▸ Data for this task:
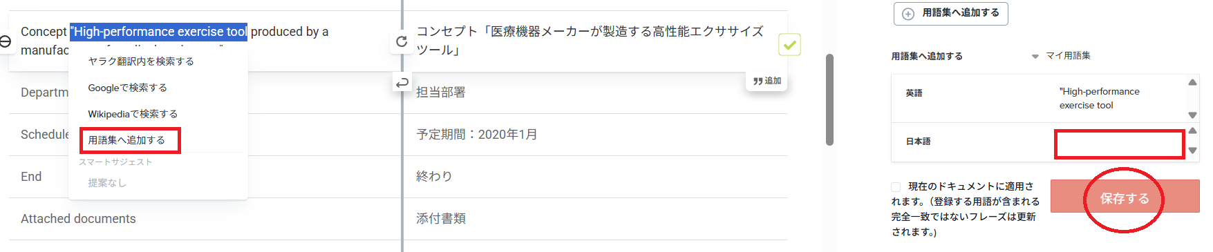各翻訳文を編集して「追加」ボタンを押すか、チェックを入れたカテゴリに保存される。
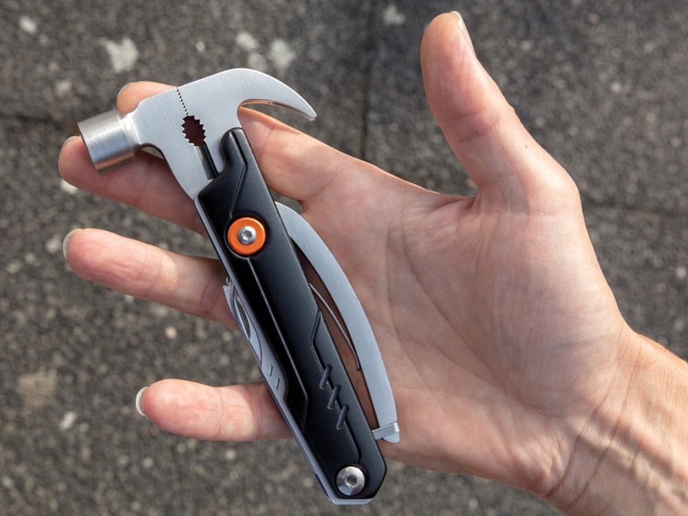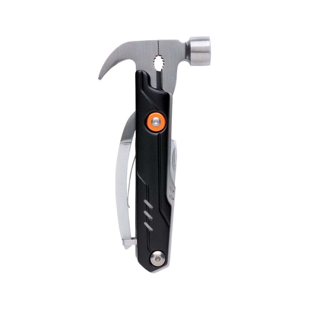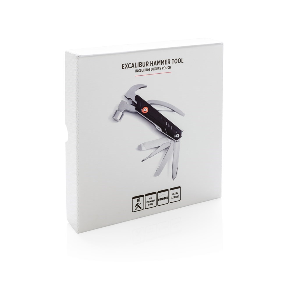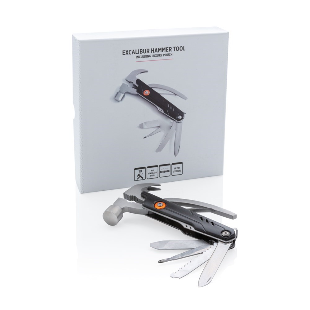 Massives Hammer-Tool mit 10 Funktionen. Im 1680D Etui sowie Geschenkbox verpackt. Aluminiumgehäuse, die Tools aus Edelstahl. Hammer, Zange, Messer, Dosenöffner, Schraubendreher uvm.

--

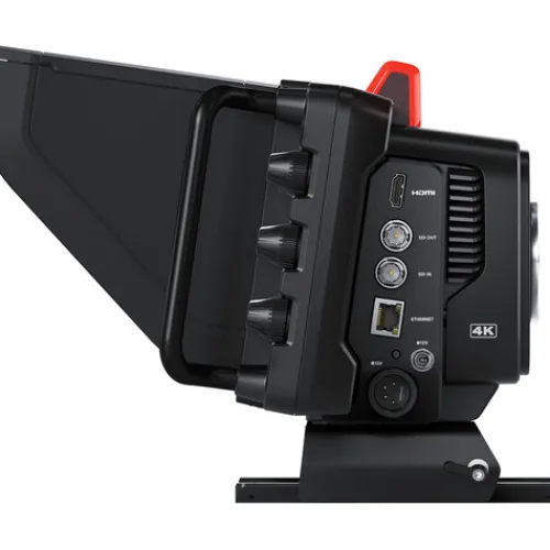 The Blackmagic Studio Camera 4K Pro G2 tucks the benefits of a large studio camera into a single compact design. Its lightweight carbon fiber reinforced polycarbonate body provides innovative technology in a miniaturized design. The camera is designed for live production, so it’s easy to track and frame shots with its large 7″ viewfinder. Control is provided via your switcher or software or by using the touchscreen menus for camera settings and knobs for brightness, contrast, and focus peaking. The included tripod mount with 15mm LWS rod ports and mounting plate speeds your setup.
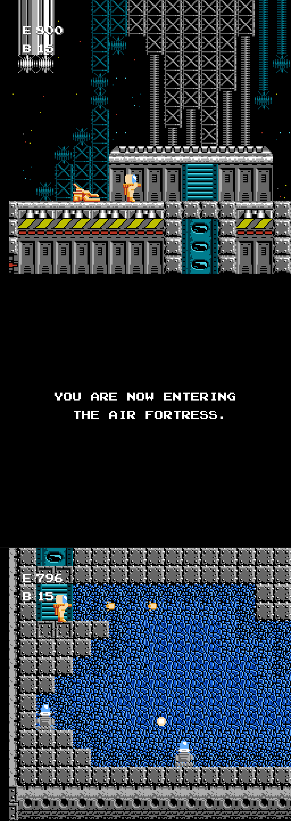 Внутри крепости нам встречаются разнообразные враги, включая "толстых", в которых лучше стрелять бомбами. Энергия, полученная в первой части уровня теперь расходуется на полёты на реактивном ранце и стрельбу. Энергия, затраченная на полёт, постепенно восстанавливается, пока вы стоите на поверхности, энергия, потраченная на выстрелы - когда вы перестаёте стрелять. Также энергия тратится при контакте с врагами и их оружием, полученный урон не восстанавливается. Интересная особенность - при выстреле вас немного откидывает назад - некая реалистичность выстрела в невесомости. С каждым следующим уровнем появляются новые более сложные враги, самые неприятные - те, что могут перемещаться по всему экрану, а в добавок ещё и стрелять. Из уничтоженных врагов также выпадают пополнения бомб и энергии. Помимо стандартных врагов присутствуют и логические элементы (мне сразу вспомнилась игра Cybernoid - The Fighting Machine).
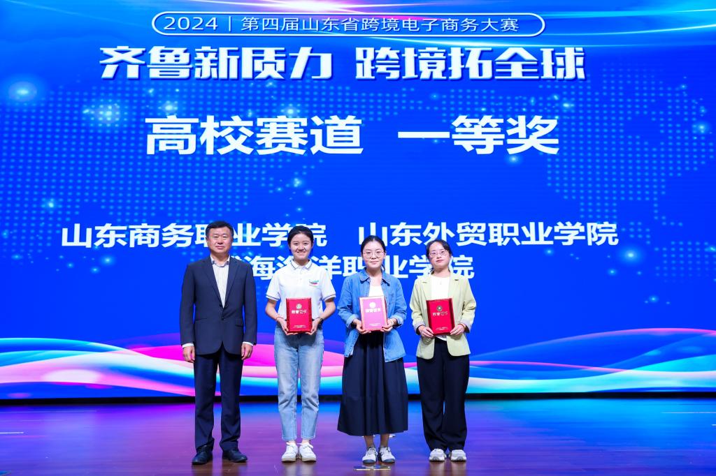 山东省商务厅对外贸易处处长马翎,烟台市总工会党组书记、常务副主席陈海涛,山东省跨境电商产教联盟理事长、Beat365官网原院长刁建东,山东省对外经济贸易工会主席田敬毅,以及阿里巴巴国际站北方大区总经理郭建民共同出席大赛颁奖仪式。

▸ Problem to solve:
Take the lines above starting at the one containing "各翻訳文を編集して「追加」ボタンを押すか、チェックを入れたカテゴリに保存される。" and ending at the one containing "Massives Hammer-Tool mit", and print them again exactly, without pictures.

▸ Solution for this exercise:
各翻訳文を編集して「追加」ボタンを押すか、チェックを入れたカテゴリに保存される。
 Massives Hammer-Tool mit 10 Funktionen. Im 1680D Etui sowie Geschenkbox verpackt. Aluminiumgehäuse, die Tools aus Edelstahl. Hammer, Zange, Messer, Dosenöffner, Schraubendreher uvm.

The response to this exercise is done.